Итальянская графиня подождала, пока полковник отойдет, и, слегка ударив веером по пальцам мадемуазель де Нанжи, сказала:
— Не говорите так; вы не знаете, как ценят в нашем обществе мужчину, который жаждет быть любимым.
— Так вы полагаете, что мужчинам стоит только пожелать… — ответила молодая девушка с насмешливыми миндалевидными глазами.
— Мадемуазель, — сказал полковник, подходя к ней, чтобы пригласить ее на танец, — берегитесь, как бы красавец Реймон не услышал вас.
Мадемуазель де Нанжи рассмеялась, но за весь вечер никто из кружка хорошеньких женщин, к которому она принадлежала, не решался больше говорить о господине де Рамьере.
Господин де Рамьер не чувствовал ни скуки, ни отвращения, расхаживая среди оживленной, нарядной толпы.
И все же в тот вечер он никак не мог побороть свою грусть.

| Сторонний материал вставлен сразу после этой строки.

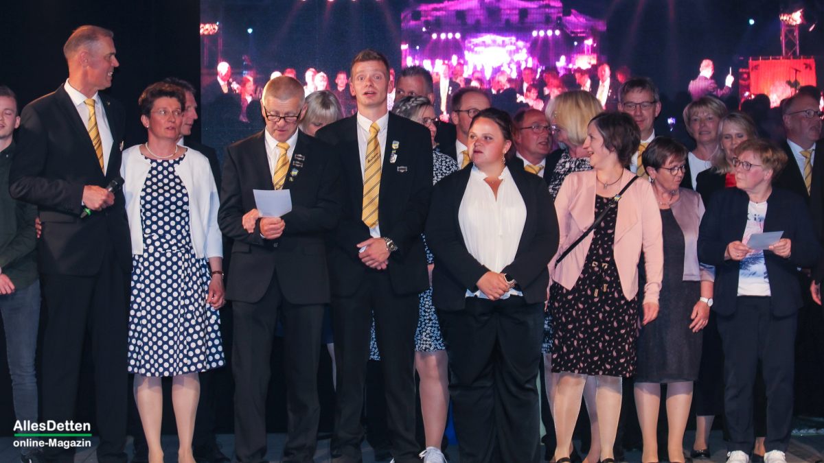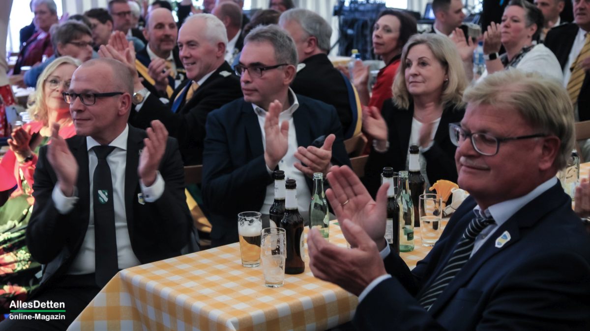 Als besonderes Bonbon – denn bei all dem Feiern wollte man auch etwas Gutes tun, gingen die Damen des Festausschusses mit Spendendosen durch die Tischreihen, sammelten insgesamt 3.497,55 € die dann vom Verein, wie auch einer großzügigen Spende des Schirmherrn auf 6.500,– € aufgestockt wurden. Dieses Geld geht nun auf das Konto der Stadt Emsdetten für die Ukraine-Hilfe in der polnischen Partnerstadt Chojnice.
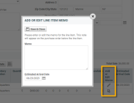 in der Spalte Memo hinzufügen oder Memo bearbeiten und geben Sie ein geschätztes Eingangsdatum für den Artikel ein. Um ein vorhandenes geschätztes Eingangsdatum zu bearbeiten, klicken Sie auf das Bearbeitungssymbol

Снова очутившись в привычном для него обществе, он ощущал нечто вроде упреков совести, вернее — какой-то стыд за сумасбродные мысли, навеянные ему его недостойным увлечением. Он любовался женщинами, такими прекрасными при блеске бальных огней, прислушивался к их тонкой, остроумной болтовне, слышал, как превозносят их таланты, и, глядя на этих избранных красавиц, на царственную роскошь их нарядов, внимая их изящному разговору, во всем видел и чувствовал упрек себе за собственное непорядочное поведение. Но, кроме стыда, Реймона терзали и более мучительные угрызения совести, потому что сердце его, хотя и достаточно закаленное в подобного рода делах, все же было весьма чувствительно к женским слезам.
В этот вечер взоры всех были обращены на одну никому не известную молодую женщину, впервые появившуюся в свете и именно поэтому пользовавшуюся особым вниманием общества. Среди других дам, украшенных бриллиантами, перьями и цветами, она выделялась уже самой простотою своего наряда. Несколько ниток жемчуга, вплетенных в черные волосы, были ее единственным украшением. Матовая белизна ее ожерелья, белое шелковое платье и обнаженные плечи издали сливались в одно целое, и, несмотря на царившую в комнатах жару, на щеках ее играл лишь легкий румянец, нежный, как бенгальская роза, распустившаяся на снегу.